WHAT YOU NEED TO DO ->
Repetition must be exact and must stop with the line bearing "Die Lage überzeugt". It begins at the first line of the records and includes no pictures.

DATA ->
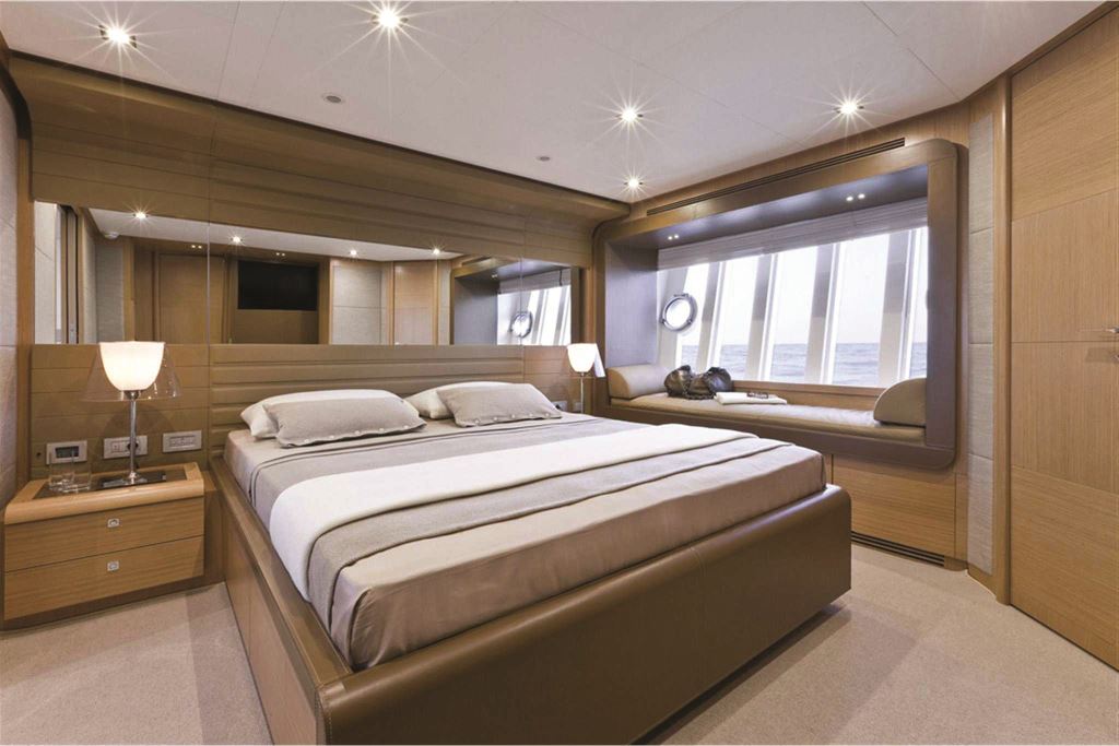 Guests aboard Ferretti 800 find spacious living and entertainment areas, perfect for relaxation.
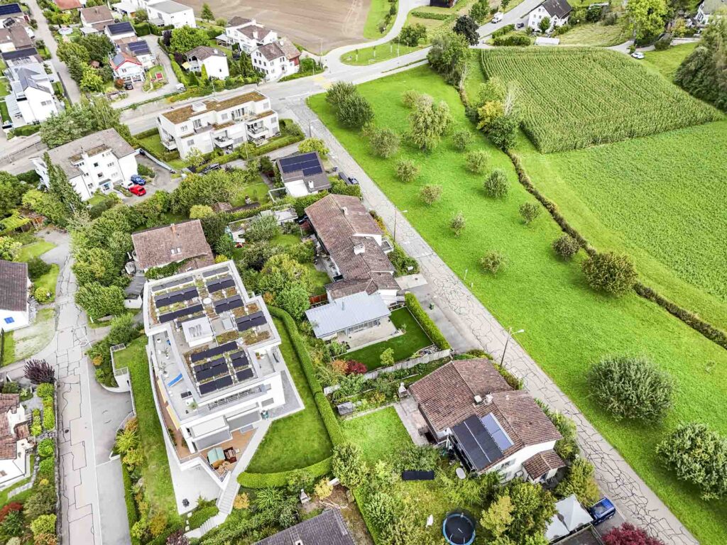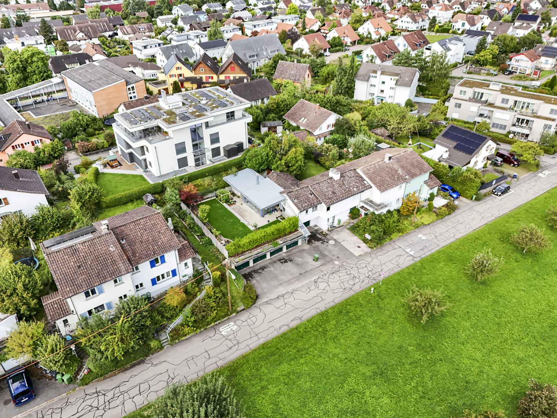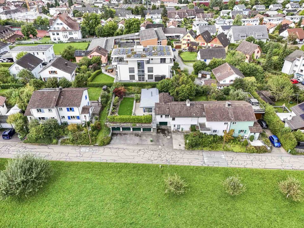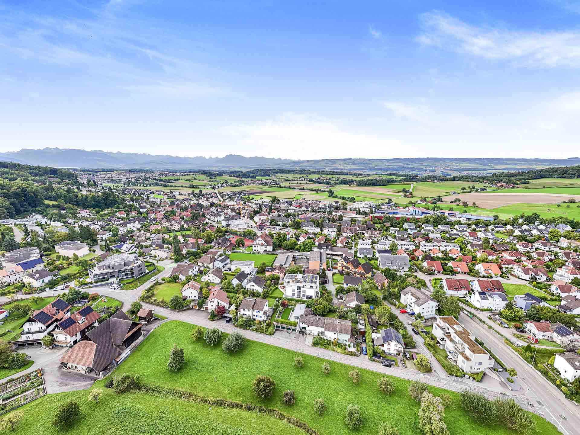 Die Lage überzeugt gleich doppelt – im Mikroumfeld durch das ruhige Wohnquartier in Gehdistanz zu Bahnhof, Zentrum und Schulen, und im Makroumfeld durch die schnelle Erreichbarkeit von Zürich in nur etwa 20 Fahrminuten.
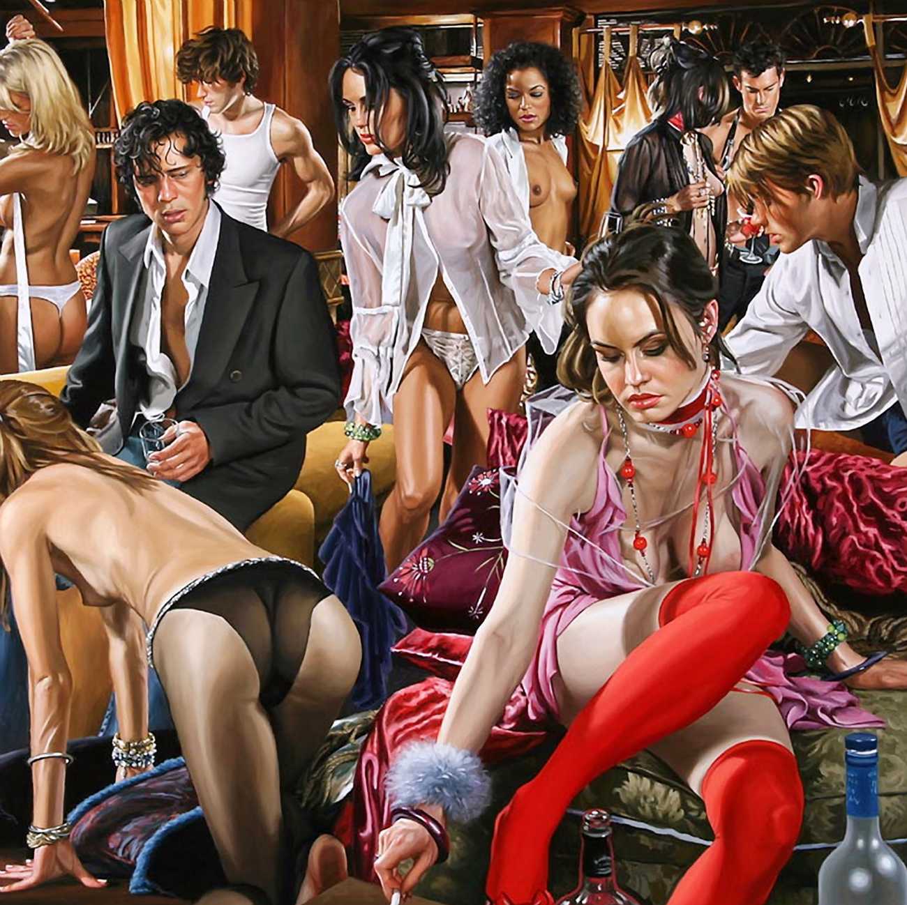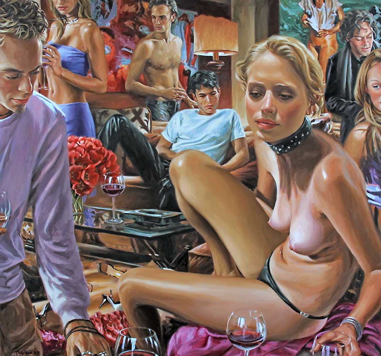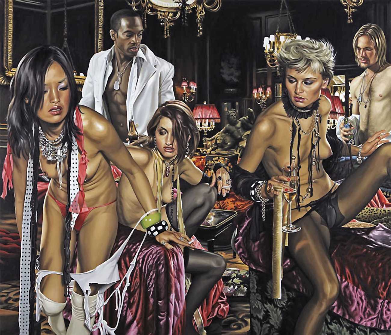 His earlier paintings often contemplated personal and family relationships in brightly-lit outdoor settings wrought with pale, intense, high-keyed colours, but most of his recent paintings conjure up a vision of the private nightlife of America’s privileged youth. Rodgers’ complex compositions emphasise the detachment of his characters: the eye can trace the angles and curves of their intersecting bodies on the painting’s surface, but their gazes almost all diverge from each other. There is a troubled insouciance in his characters living out a common fantasy – despite the clothes, the looks, the drinks, lounging in the midst of a quasi-orgy, there is something fragile and complex about his characters. The viewer is at the same time a voyeur and a guest at the party.
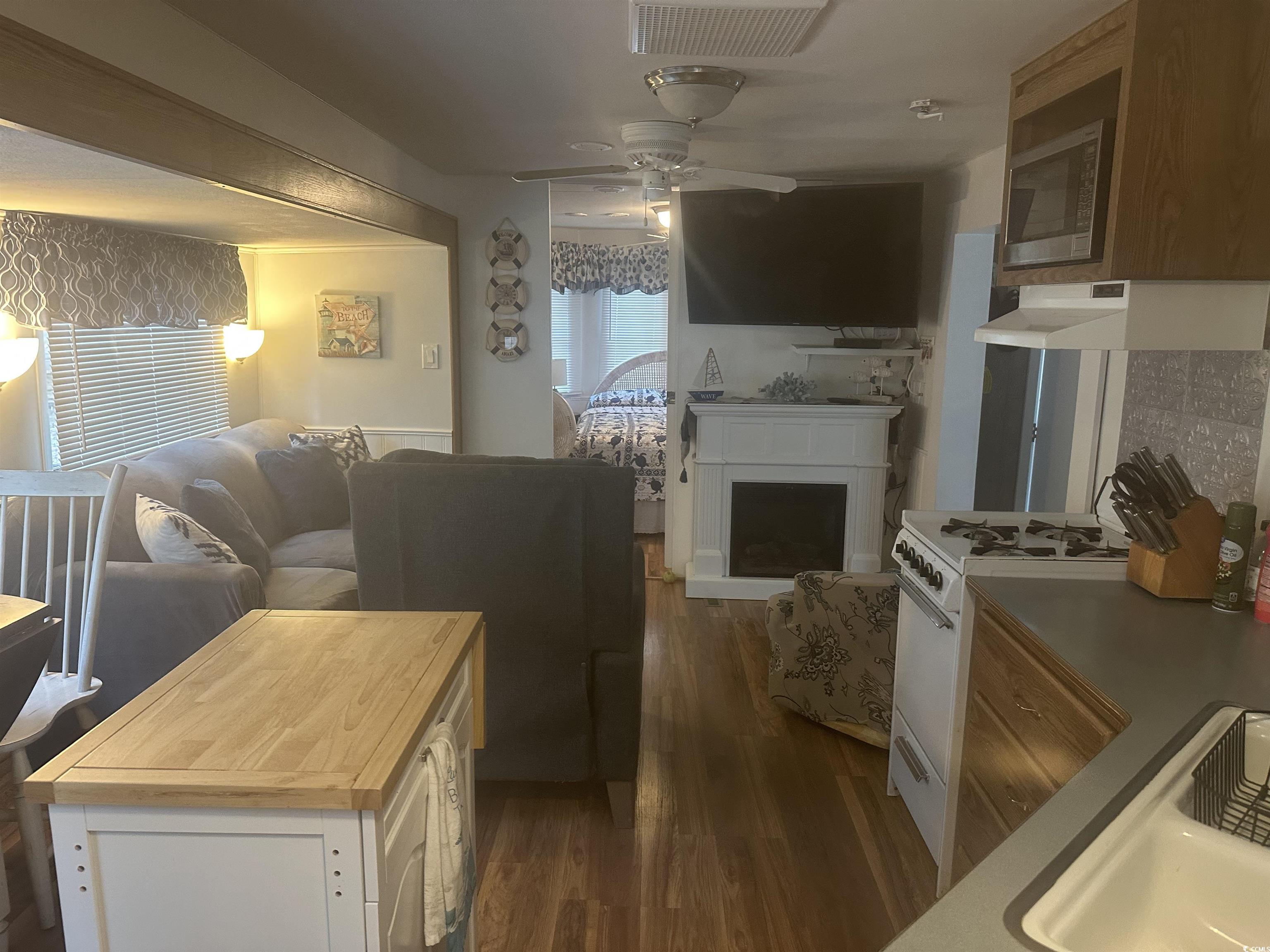 This fully furnished 2-bedroom, 1-bath park model manufactured home is located in the KOA Resort’s 55+ permanent resident area in Myrtle Beach, SC. The home features an added bonus room, a covered porch, and a dedicated laundry room with a washer and gas dryer that stay with the property. All furniture and accessories are included, making this a turnkey opportunity for anyone looking to settle into a relaxed coastal lifestyle. Outside, you'll find a beautifully fenced-in astroturf yard with a concrete block patio, a storage shed, and a grill—all of which are included in the sale. The property sits on leased land with the lowest campground lot lease in the area and has no HOA fees. It’s just a short golf cart ride to the beach, Broadway at the Beach, Market Commons, and only five minutes from Myrtle Beach International Airport. Residents of the KOA Resort enjoy a wide range of amenities including a swimming pool, splash pad, jump pad, fishing pond, playground, on-site store, laundromat, and worm train rides for kids. The community also offers planned activities for snowbirds, making it an ideal location for seasonal or year-round
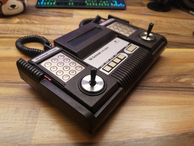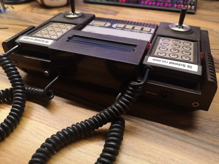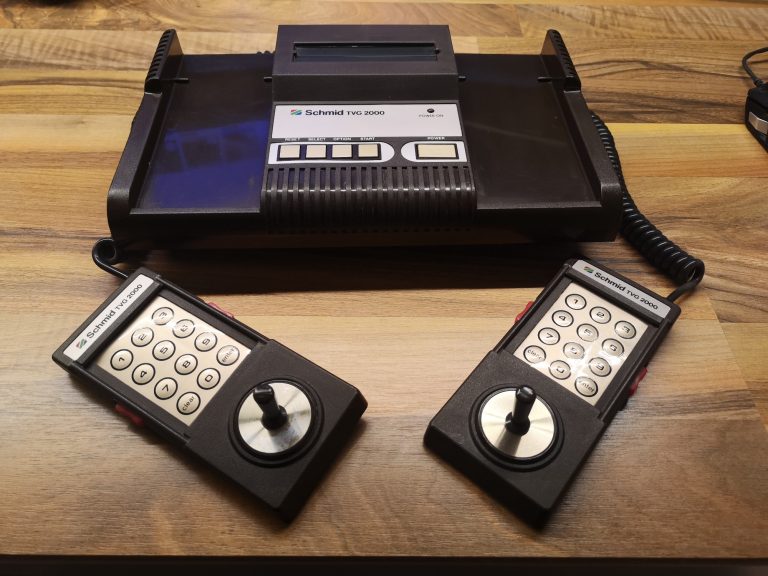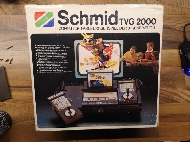 So langsam etablierte sich das heute bekannte Konsolen Konzept am Markt. Ein Gerät bei dem man Spiele tauschen konnte, in Form von Modulen. Schmid ist ein Hersteller der sich 1982 mit dem TVG 2000 das Hanimex HMG 2650 zur Basis genommen hat.

EXPECTED ANSWER ->
 Guests aboard Ferretti 800 find spacious living and entertainment areas, perfect for relaxation.
 Die Lage überzeugt gleich doppelt – im Mikroumfeld durch das ruhige Wohnquartier in Gehdistanz zu Bahnhof, Zentrum und Schulen, und im Makroumfeld durch die schnelle Erreichbarkeit von Zürich in nur etwa 20 Fahrminuten.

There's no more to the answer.